Rare event sampling is an umbrella term for a group of computer simulation methods intended to selectively sample 'special' regions of the dynamic space of systems which are unlikely to visit those special regions through brute-force simulation. A familiar example of a rare event in this context would be nucleation of a raindrop from over-saturated water vapour: although raindrops form every day, relative to the length and time scales defined by the motion of water molecules in the vapour phase, the formation of a liquid droplet is extremely rare.
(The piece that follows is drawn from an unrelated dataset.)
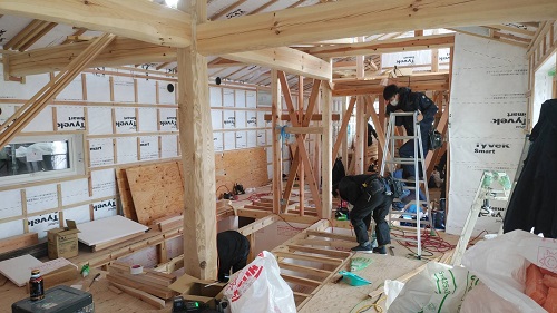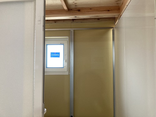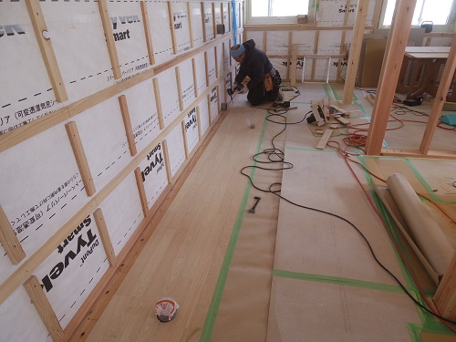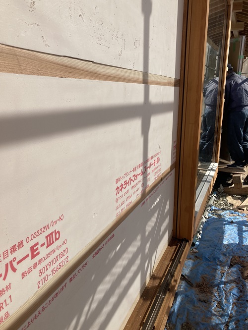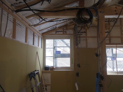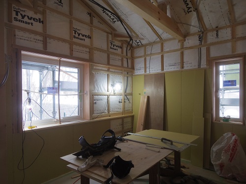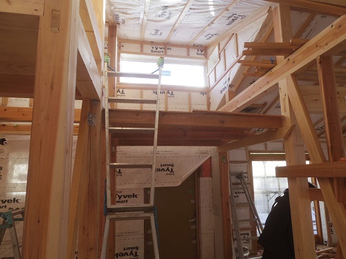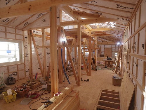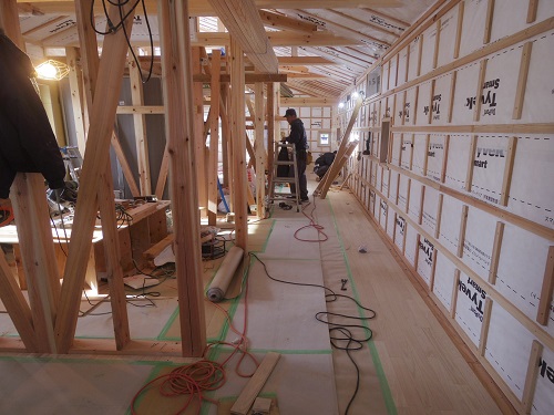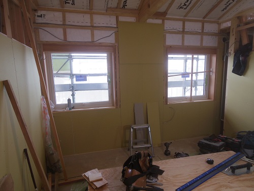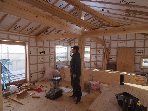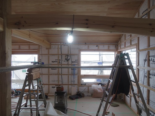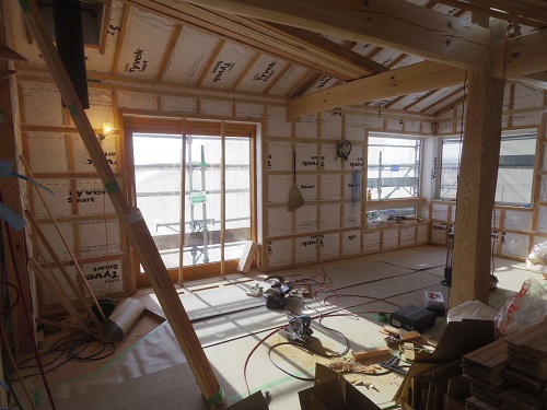 諸事情あって、煙突設置場所の移動を行いました。内部断熱も進み200mmの壁断熱が出来上がり、防湿シートの張込みも進んでいます。

Due to the wide use of computer simulation across very different domains, articles on the topic arise from quite disparate sources and it is difficult to make a coherent survey of rare event sampling techniques.^[1] Contemporary methods include transition-path sampling (TPS),^[2] replica exchange transition interface sampling (RETIS),^[3] repetitive simulation trials after reaching thresholds (RESTART),^[4] forward flux sampling (FFS),^[5]^[6] generalized splitting,^[7]^[8] adaptive multilevel splitting (AMS),^[9] stochastic-process rare-event sampling (SPRES),^[10] line sampling,^[11] subset simulation,^[12] and weighted ensemble (WE).^[13]^[14] The first published rare event technique was by Herman Kahn and Theodore Edward Harris in 1951,^[15] who in turn referred to an unpublished technical report by John von Neumann and Stanislaw Ulam.

Time dependence

If a system is out of thermodynamic equilibrium, then it is possible that there will be time-dependence in the rare event flux. In order to follow the time evolution of the probability of a rare event, it is necessary to maintain a steady current of trajectories into the target region of configurational space. SPRES is specifically designed for this eventuality and AMS is also at least formally valid for applications in which this is required.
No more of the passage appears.